Final answer:
Using the formula for exponential decay V = P(1 - r)^t, where P is the present value of the appliance ($2,740), r is the depreciation rate (28.5% or 0.285), and t is the time in years (10), the appliance's value after 10 years is approximately $157.01.
Step-by-step explanation:
To calculate the value of an appliance after 10 years with an annual depreciation rate of 28.5%, we can use the formula for exponential decay. The formula is V = P(1 - r)^t, where V is the future value of the appliance, P is the present value, r is the rate of depreciation (expressed as a decimal), and t is the time in years.
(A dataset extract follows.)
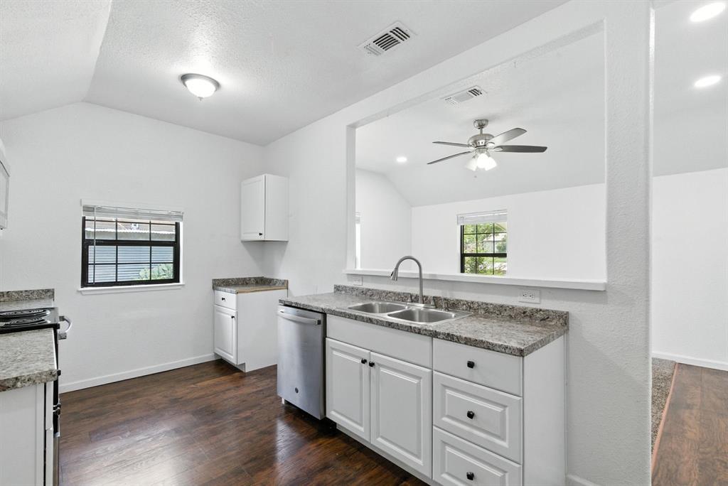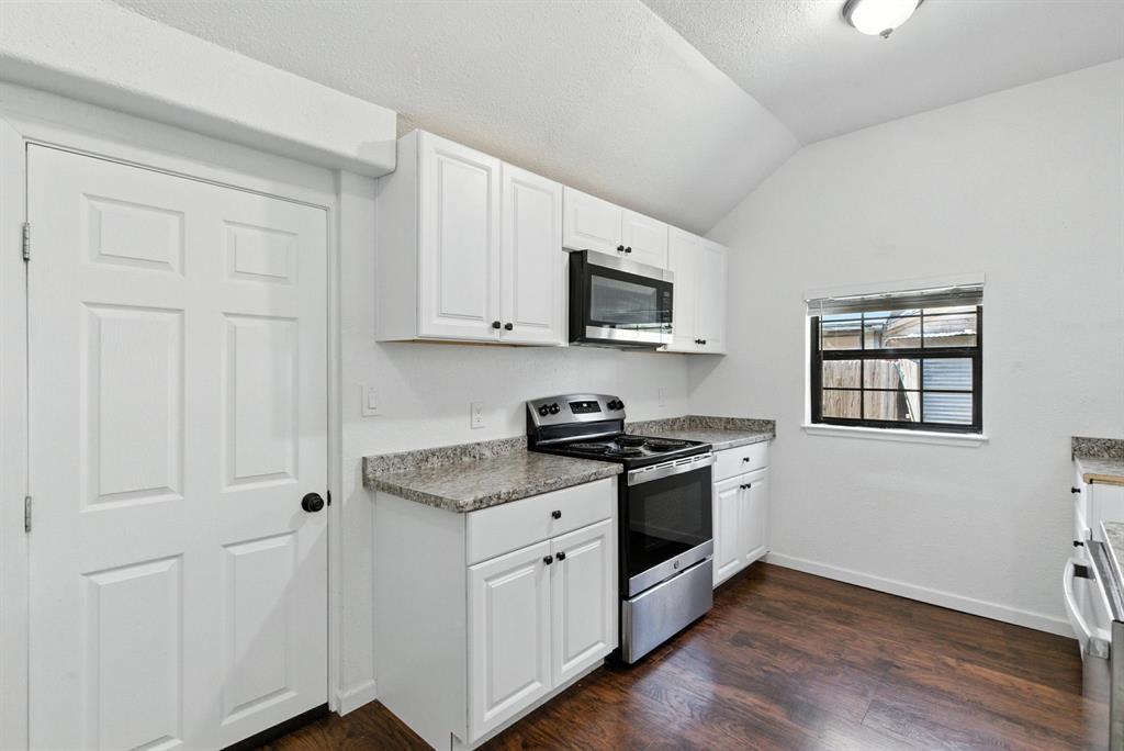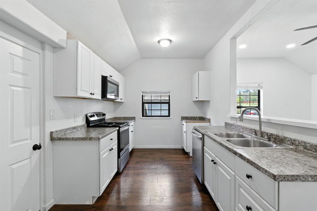 Welcome to this beautifully remodeled 2-bedroom, 2-bathroom home nestled on nearly half an acre in the heart of historic Downtown Weatherford. Featuring modern finishes throughout, this move-in ready home has luxury vinyl and tile flooring, a spacious primary suite with dual vanities, a large walk-in closet, and an oversized laundry room. All appliances are less than three years old, including the water heater. New HVAC installed this year. Enjoy outdoor living with a privacy-fenced backyard, storage shed, and a charming covered front porch. The expansive lot offers additional parking with room to build a shop — rare finds in this area! Located within a few blocks to Weatherford's charming shops and local dining on the square, this home combines convenience with comfort. Ideal for first-time buyers or small families looking for style, space, and flexibility. Come experience all the possibilities this oversized lot and turnkey home have to offer!

The present value of the appliance is $2,740. The depreciation rate per year is 28.5%, which as a decimal is 0.285. We want to find the value after 10 years. Plugging these into our formula, we get:
V = $2,740(1 - 0.285)^10
Calculating the value inside the parentheses first (1 - 0.285) gives us 0.715. Now we'll raise 0.715 to the power of 10:
V = $2,740(0.715)^10
Calculating 0.715 to the power of 10 gives us approximately 0.0573. Finally, we multiply this by the present value:
V = $2,740 × 0.0573 ≈ $157.01
Therefore, if the homeowner's estimate of the annual depreciation rate is accurate, the appliance currently valued at $2,740 will be worth approximately $157.01 in 10 years.